DC in the case of external PSUs means not AC, but it doesn't mean perfectly flat like a battery. That would be labelled "regulated DC". A lot are just a transformer + bridge rectifier + capacitor and produce a DC level with a ripple on it, more at higher loads.
What would that kind of regulation look like??
They look the same, that's the problem, but usually have a three terminal TO-220 regulator inside.

I believe it must besomething we the adapter like you are saying...because if I touch a ground trace or wire with my finger, the hum stops...so I work more like ground? Is that possible??
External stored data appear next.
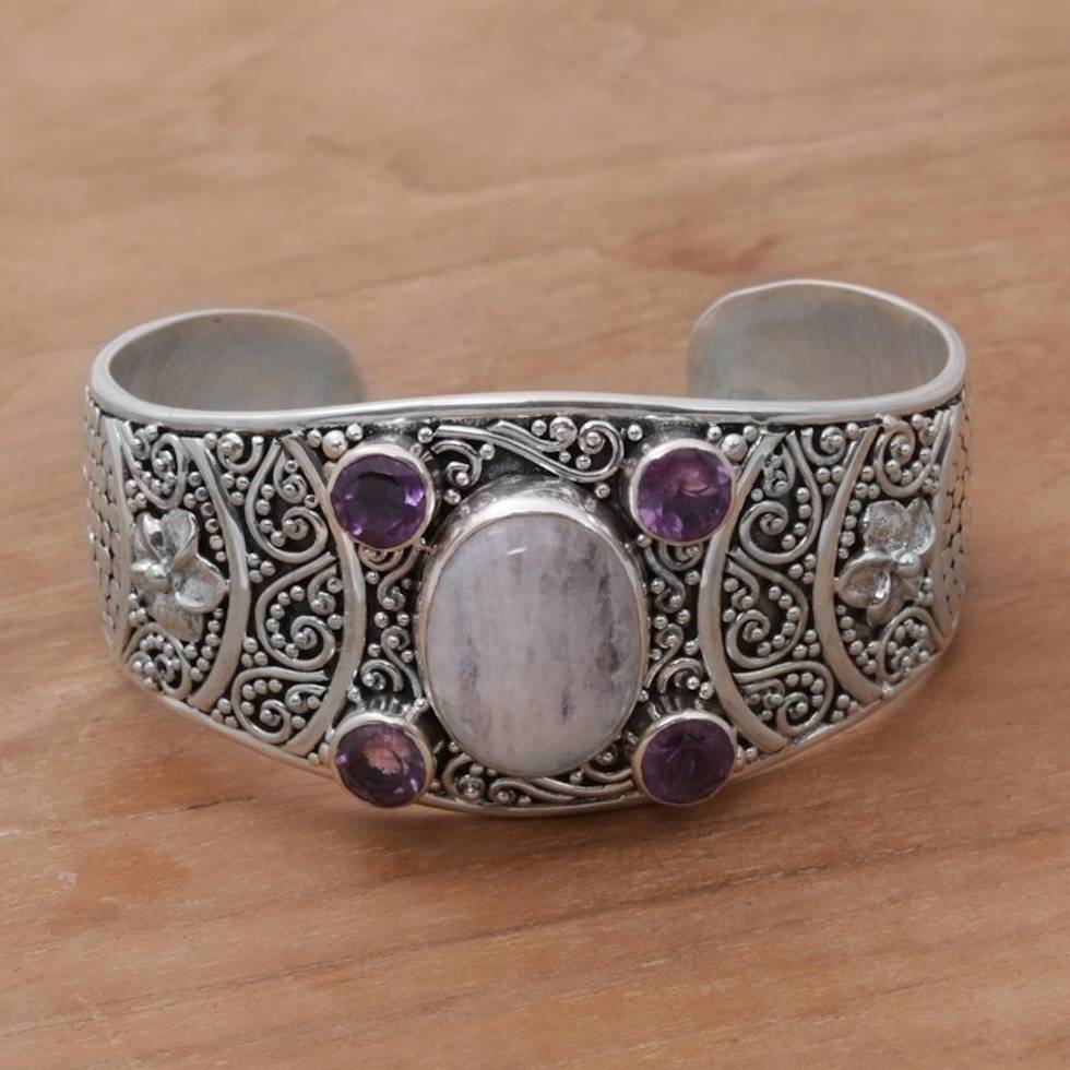 Rainbow Moonstone and Amethyst Cuff Bracelet from Bali 'Misty Bouquet' Item ID: 2669921496
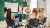 Grupa ludzi siedzących w kręgu z dwoma terapeutami i kobietą w centrum, dyskutującą i zapewniającą jej wsparcie emocjonalne.
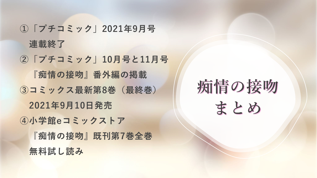 『痴情の接吻』は、女性向け漫画雑誌「プチコミック」にて連載していましたが、2021年9月号をもって最終回を迎えました。コミックス最終第8巻は、2021年9月10日に発売を予定しています。
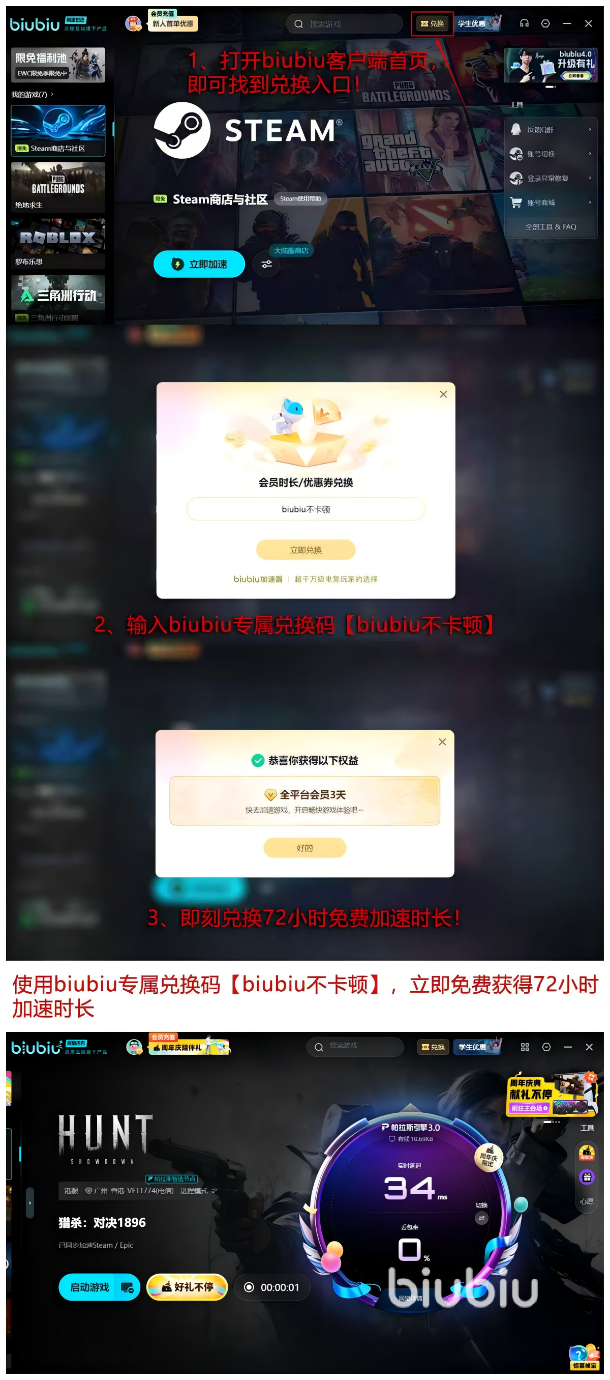 输入口令【biubiu不卡顿】即可领取72小时加速时长,新注册用户默认获赠24小时体验权益,叠加后总计可达96小时,为首次使用者提供充分的功能试用周期。
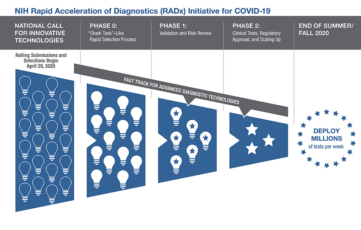 - NOT-OD-20-121 — “Encourages community-engaged testing research projects [to] supplement large-scale networks, consortia, or centers, [and] will examine SARS-CoV-2 infection patterns and efforts to increase access and effectiveness of diagnostic methods.”
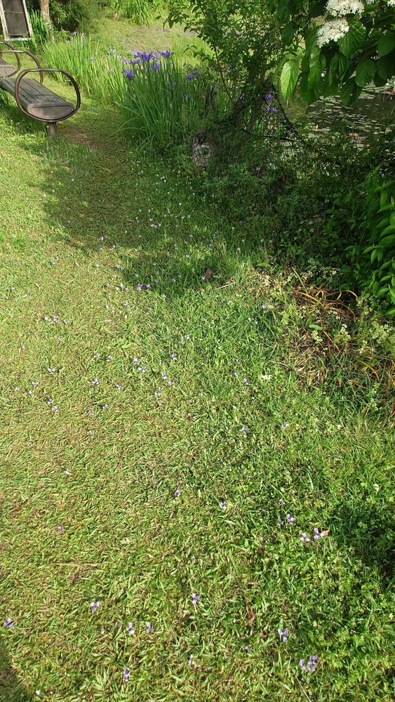 3️⃣4️⃣5️⃣公園のベンチに至る芝生 足元に足の置き場に困るほどのチリアヤメ
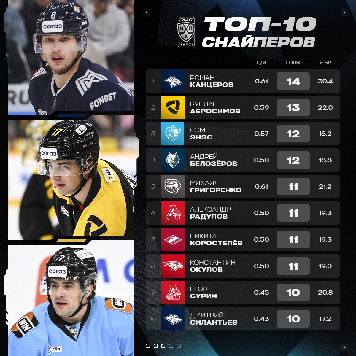 Лидером топ-10 стал Роман Канцеров из "Металлурга": нападающий отличился 14 раз (0,61 гола за матч) с впечатляющей эффективностью бросков — 30,4%.
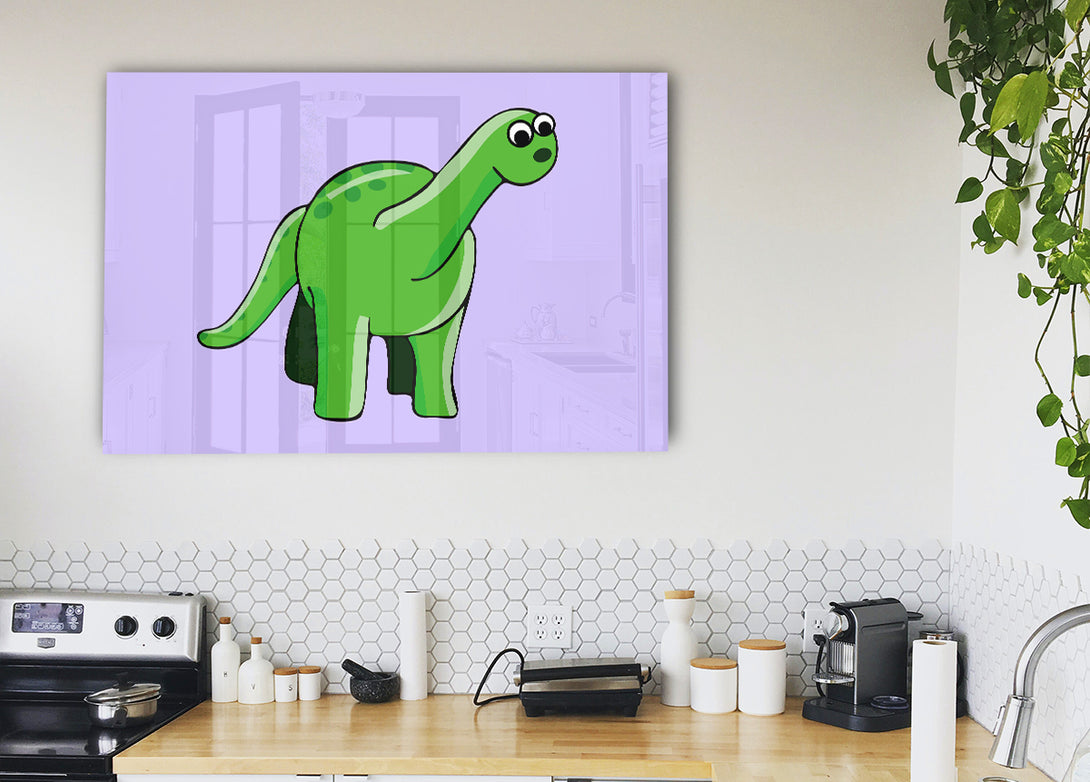 Suprised Dinosaur Lilac acrylic print, UV printed onto 5mm thick acrylic glass. Comes with everything you need to hang on your wall.

Yes, if you are touching something that is grounded. It's not a good idea to make yourself into a ground path though, in the event of a fault the current will travel through you. It sounds more like you have a bad connection somewhere, the power adapter may be a red herring. What are you connecting the device to when you hear the hum? Can you swap the two devices over and see if the hum goes with one or not?

But how would that metal enclosure be grounded? Just on it´s own? Because it´s a big piece of metal??
It is only grounded if it is connected to the mains Earth. Ground means literally the ground beneath your feet, the planet itself as a reference potential. If your mains outlet is not Earthed, or your mains leads are two pin only or you are using a DC adapter you won't have a ground.
If that is right, then wrapping all the plactic in aluminum foil and that connecting to the DC sleeve must work the same way, right??
Aluminium is covered with a molecular layer of aluminum oxide which is an insulator. You only get a good connection if you pierce through it to the metal beneath. Using cooking grade foil won't be reliable or last.